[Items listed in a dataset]
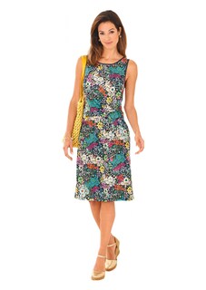 Cette robe imprimée se pare d'un noeud décoratif sur le côté - un détail à la fois mode et avantageux pour la silhouette. Le motif floral se distingue par ses nombreux coloris éclatants et donne une allure très estival au modèle. Féminin et facile d'entretien, cette robe sans manches se distingue également par ses passepoils contrastants à l'encolure arrondie et aux bretelles. Très agréable à porter et parfait en voyage, elle ne craint pas de séjourner dans une valise. Longueur env. 102 cm en 46, env. 96 cm en 23.
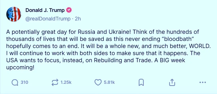 „O zi cu potențial mare pentru Rusia și Ucraina! Gândiți-vă la sutele de mii de vieți care vor fi salvate atunci când această „baie de sânge” fără sfârșit va ajunge, sperăm, la un final. Va fi o lume cu totul nouă și mult mai bună. Voi continua să lucrez cu ambele părți pentru a mă asigura că acest lucru se va întâmpla. SUA vrea, în schimb, să se concentreze pe Reconstrucție și Comerț. O săptămână mare urmează!”, a scris Donald Trump.
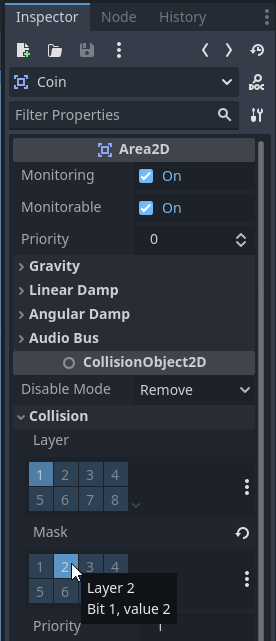 11. While "coin" Scenes and "Coin" Node are selected, under the "Inspector" tab, in the "Collision" row, select the value 2 from the "Mask" table.
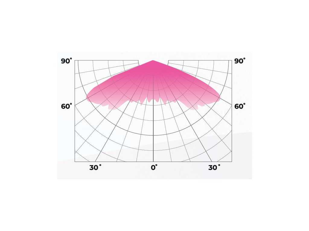 DLI Toplighting luminaires are designed to provide a high level of photosynthetic flux (PPF) values with optimal angular vertical uniformity of light. The unique design of the lens creates a high even distribution of light in the growing space.
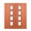The Bifrost Cherry Veneer 28G Glazed Pair FD30 Fire Door combines elegant design with practical performance, making it an excellent choice for both modern and traditional interiors. This pair of 30-minute fire-rated doors features 400mm x 200mm glazed panels, lipped on all four edges for enhanced durability and a polished finish. All glazing options are fully fire-rated, including Clear (C730) Pyroglass, Georgian Wired Polished Plate (GWPP) glass, or Frosted glass created by sandblasting one face of the C730 glass. To match a variety of interior styles, the doors can be supplied in paint grade, primed, painted (any RAL colour), or laminate finishes, offering both flexibility and aesthetic appeal. The set comes ready with a square meeting stile and two combined heat & smoke seals for the centre, included in the price. Handles and additional ironmongery are not included. Each veneered strebord-core door is book-matched and made to order, ensuring superior craftsmanship and consistency. Certified to FD30 standards, these doors provide reliable fire protection while highlighting the natural beauty of cherry veneer. If you require this model as part of a matching pair, please explore our bifrost doors collection.
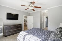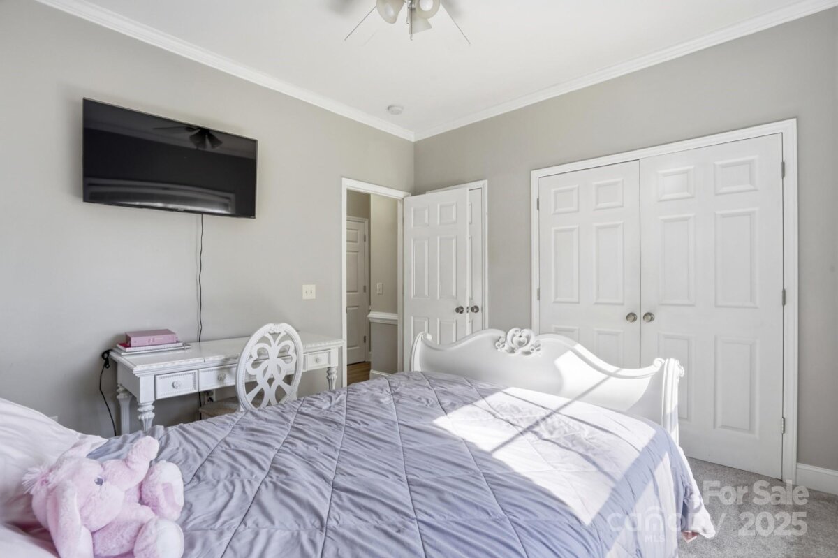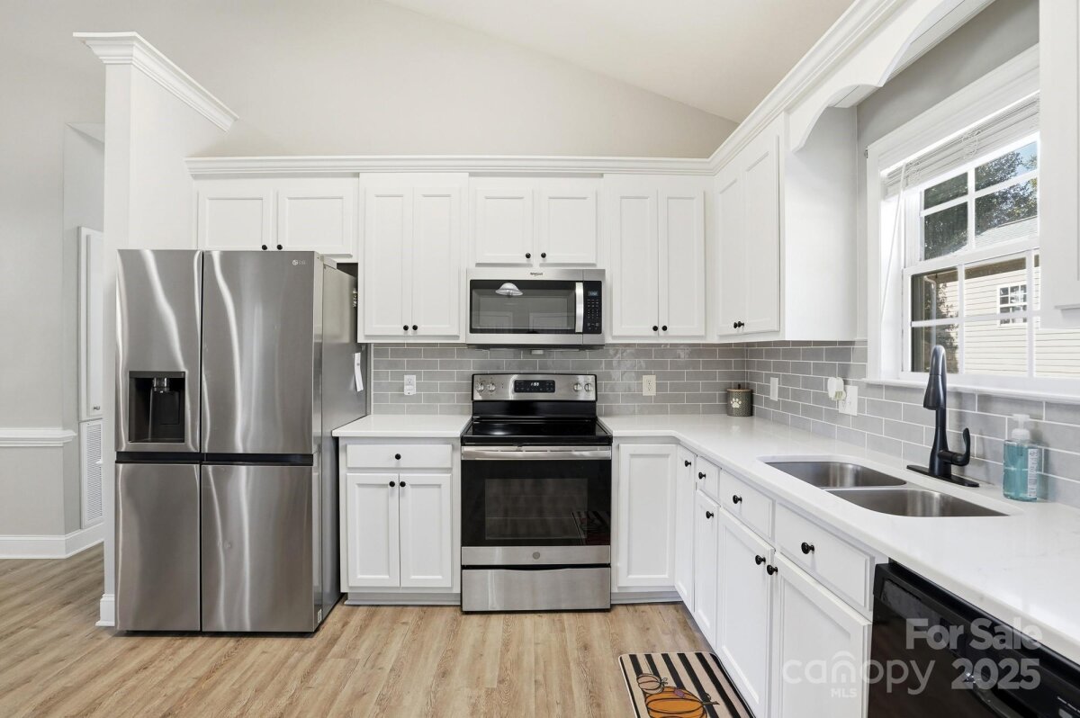 Welcome to your beautifully updated and meticulously maintained home! Step inside to find a fresh, neutral color palette that creates a bright and inviting atmosphere throughout. The open-concept living space seamlessly connects the kitchen and living room, highlighted by vaulted ceilings that add a sense of space and elegance. The kitchen has been thoughtfully upgraded with brand-new quartz countertops, a modern sink, and freshly painted cabinets adorned with stylish new hardware perfect for both everyday living and entertaining guests. The split floor plan offers privacy and comfort, ideal for families or guests, while crown molding adds a refined finishing touch to the home’s aesthetic. This home offers a serene lifestyle with quiet surroundings, making it the perfect retreat after a busy day.
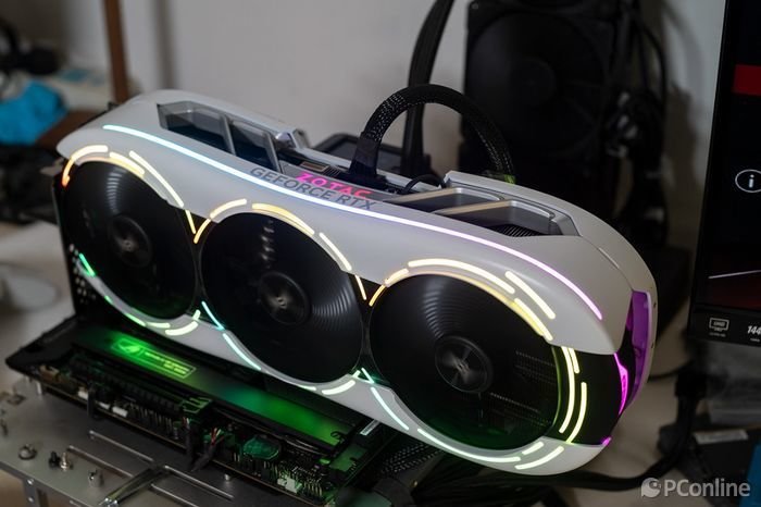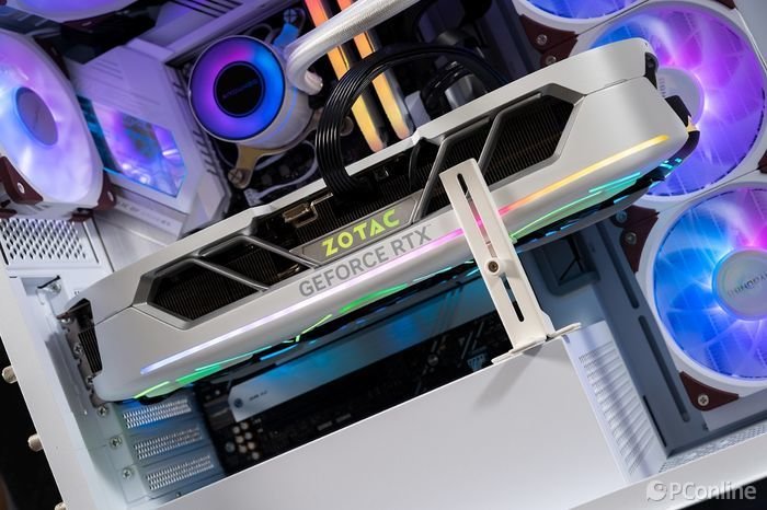 显卡通电后,顶部的索泰ZOTAC信仰Logo灯率先亮起,多彩的变化加上醒目的设计,辨识度算是拉满了。
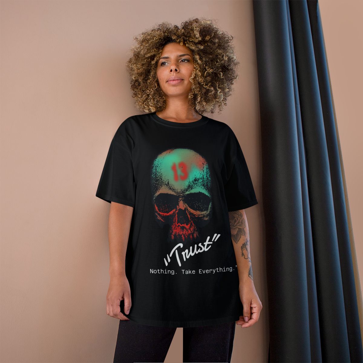 This classic tee carries a weathered, slightly rebellious spirit. A soft-but-structured Champion shirt anchors an artful skull graphic marked with a bold ‘13’—an image that reads like a worn concert poster or a page torn from an underground zine. The low-profile script “Trust” and the small line “Nothing Take Everything” below it add a cryptic, defiant edge. Wear it layered under a denim jacket for late-night shows, or alone when you want a clean silhouette with attitude. It feels familiar the moment you put it on and holds up through washes and weekends without losing shape.
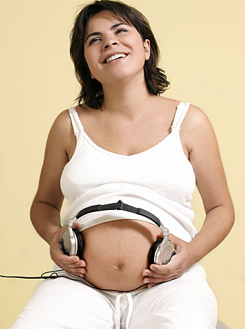 Luego puede escogerse una canción de cuna y cantarla , continuar la grabación con otros cinco minutos de música clásica, procediendo primero a identificarla: "Ahora vas a oír...". Usar la grabación en forma regular, todos los días, especialmente durante los dos últimos meses del embarazo. Colocar los audífonos reproductor en la parte baja de cada lado del abdomen, al nivel de la línea del bikini. Utilizar el mismo volumen que sea adecuado (para los mismos padres). Preferiblemente en las primeras horas de la noche.
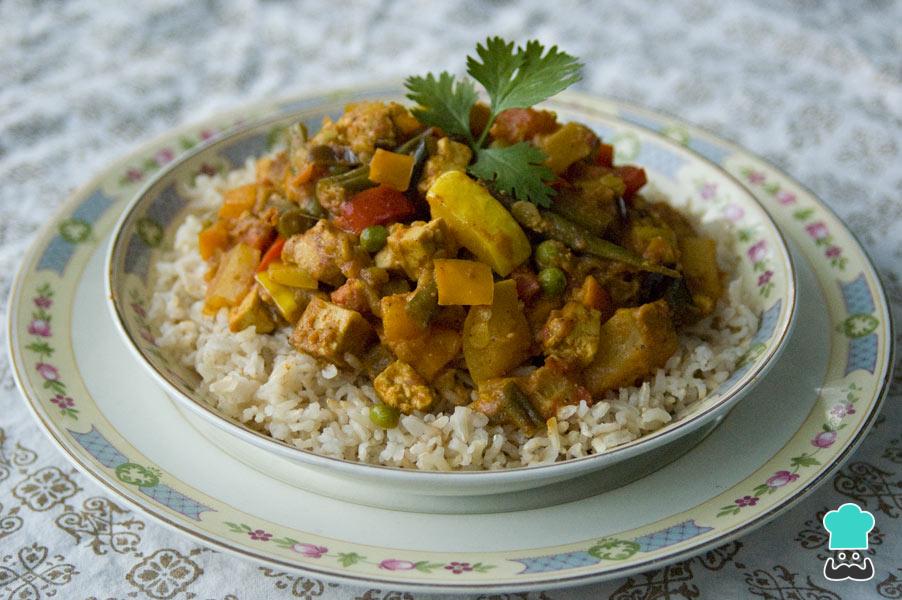 Cómo hacer Arroz con verduras al curry y setas:
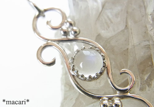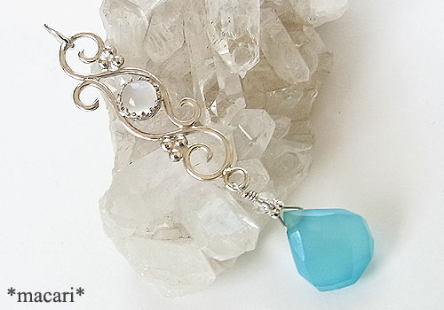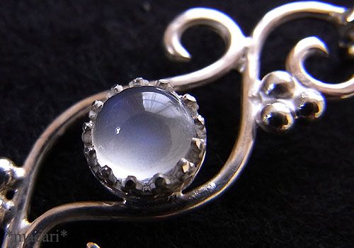 ボンヤリと青い輝きが浮かぶブルームーンストーンを唐草の飾りに留め、鮮やかな美しい色合いのシーブルーカルセドニーを飾りつけた個性的なペンダントです。こちらで使用のブルームーンは、鉱物的にはペリステライトになるかと思います。
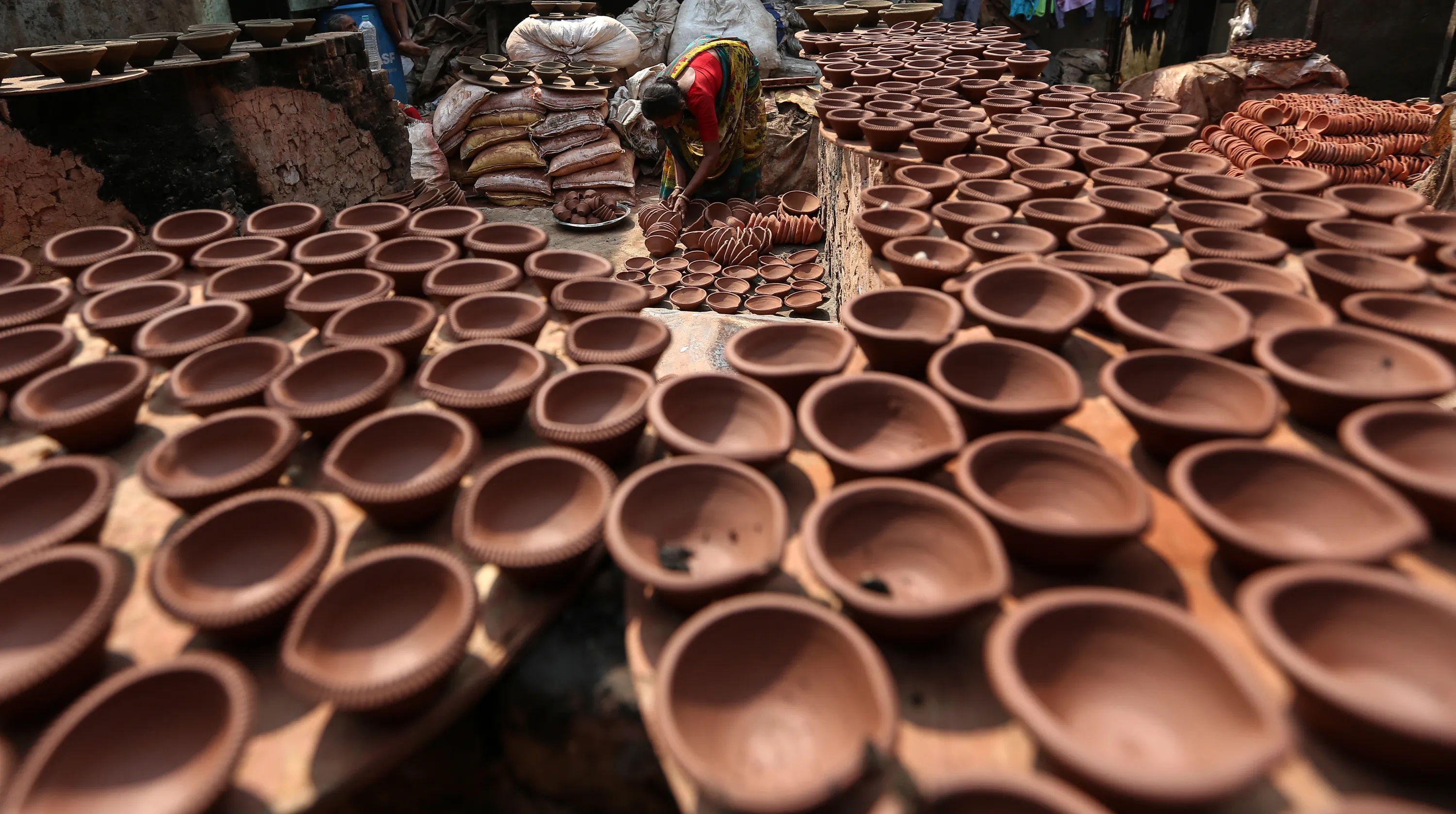 An Indian woman arranges an earthen lamp for the upcoming Diwali festival in Mumbai, India, Friday, October 30, 2015. Diya is a small earthen lamp primarily used during Diwali, the festival of lights. Also, known as 'deep', diya is traditionally made of clay. During Diwali, the earthen lamps are used for illuminating and decorate the entire home and premises, apart from aarti. The diya is filled with ghee or oil, which work as fuel for it. (Photo by Divyakant Solanki/EPA)
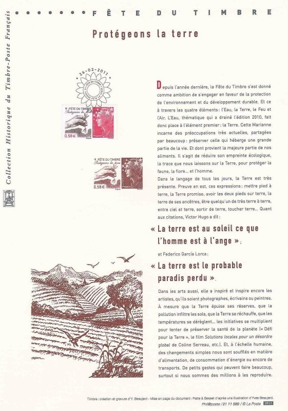 | Description | Fête du timbre. Timbre Marianne - Protégeons la terre |

* [INSTRUCTIONS FOR THE TASK]
The answer consists of the records repeated exactly, without any images.

* [TASK RESPONSE]
 Cette robe imprimée se pare d'un noeud décoratif sur le côté - un détail à la fois mode et avantageux pour la silhouette. Le motif floral se distingue par ses nombreux coloris éclatants et donne une allure très estival au modèle. Féminin et facile d'entretien, cette robe sans manches se distingue également par ses passepoils contrastants à l'encolure arrondie et aux bretelles. Très agréable à porter et parfait en voyage, elle ne craint pas de séjourner dans une valise. Longueur env. 102 cm en 46, env. 96 cm en 23.
 „O zi cu potențial mare pentru Rusia și Ucraina! Gândiți-vă la sutele de mii de vieți care vor fi salvate atunci când această „baie de sânge” fără sfârșit va ajunge, sperăm, la un final. Va fi o lume cu totul nouă și mult mai bună. Voi continua să lucrez cu ambele părți pentru a mă asigura că acest lucru se va întâmpla. SUA vrea, în schimb, să se concentreze pe Reconstrucție și Comerț. O săptămână mare urmează!”, a scris Donald Trump.
 11. While "coin" Scenes and "Coin" Node are selected, under the "Inspector" tab, in the "Collision" row, select the value 2 from the "Mask" table.
 DLI Toplighting luminaires are designed to provide a high level of photosynthetic flux (PPF) values with optimal angular vertical uniformity of light. The unique design of the lens creates a high even distribution of light in the growing space.
The Bifrost Cherry Veneer 28G Glazed Pair FD30 Fire Door combines elegant design with practical performance, making it an excellent choice for both modern and traditional interiors. This pair of 30-minute fire-rated doors features 400mm x 200mm glazed panels, lipped on all four edges for enhanced durability and a polished finish. All glazing options are fully fire-rated, including Clear (C730) Pyroglass, Georgian Wired Polished Plate (GWPP) glass, or Frosted glass created by sandblasting one face of the C730 glass. To match a variety of interior styles, the doors can be supplied in paint grade, primed, painted (any RAL colour), or laminate finishes, offering both flexibility and aesthetic appeal. The set comes ready with a square meeting stile and two combined heat & smoke seals for the centre, included in the price. Handles and additional ironmongery are not included. Each veneered strebord-core door is book-matched and made to order, ensuring superior craftsmanship and consistency. Certified to FD30 standards, these doors provide reliable fire protection while highlighting the natural beauty of cherry veneer. If you require this model as part of a matching pair, please explore our bifrost doors collection.
 Welcome to your beautifully updated and meticulously maintained home! Step inside to find a fresh, neutral color palette that creates a bright and inviting atmosphere throughout. The open-concept living space seamlessly connects the kitchen and living room, highlighted by vaulted ceilings that add a sense of space and elegance. The kitchen has been thoughtfully upgraded with brand-new quartz countertops, a modern sink, and freshly painted cabinets adorned with stylish new hardware perfect for both everyday living and entertaining guests. The split floor plan offers privacy and comfort, ideal for families or guests, while crown molding adds a refined finishing touch to the home’s aesthetic. This home offers a serene lifestyle with quiet surroundings, making it the perfect retreat after a busy day.
 显卡通电后,顶部的索泰ZOTAC信仰Logo灯率先亮起,多彩的变化加上醒目的设计,辨识度算是拉满了。
 This classic tee carries a weathered, slightly rebellious spirit. A soft-but-structured Champion shirt anchors an artful skull graphic marked with a bold ‘13’—an image that reads like a worn concert poster or a page torn from an underground zine. The low-profile script “Trust” and the small line “Nothing Take Everything” below it add a cryptic, defiant edge. Wear it layered under a denim jacket for late-night shows, or alone when you want a clean silhouette with attitude. It feels familiar the moment you put it on and holds up through washes and weekends without losing shape.
 Luego puede escogerse una canción de cuna y cantarla , continuar la grabación con otros cinco minutos de música clásica, procediendo primero a identificarla: "Ahora vas a oír...". Usar la grabación en forma regular, todos los días, especialmente durante los dos últimos meses del embarazo. Colocar los audífonos reproductor en la parte baja de cada lado del abdomen, al nivel de la línea del bikini. Utilizar el mismo volumen que sea adecuado (para los mismos padres). Preferiblemente en las primeras horas de la noche.
 Cómo hacer Arroz con verduras al curry y setas:
 ボンヤリと青い輝きが浮かぶブルームーンストーンを唐草の飾りに留め、鮮やかな美しい色合いのシーブルーカルセドニーを飾りつけた個性的なペンダントです。こちらで使用のブルームーンは、鉱物的にはペリステライトになるかと思います。
 An Indian woman arranges an earthen lamp for the upcoming Diwali festival in Mumbai, India, Friday, October 30, 2015. Diya is a small earthen lamp primarily used during Diwali, the festival of lights. Also, known as 'deep', diya is traditionally made of clay. During Diwali, the earthen lamps are used for illuminating and decorate the entire home and premises, apart from aarti. The diya is filled with ghee or oil, which work as fuel for it. (Photo by Divyakant Solanki/EPA)
 | Description | Fête du timbre. Timbre Marianne - Protégeons la terre |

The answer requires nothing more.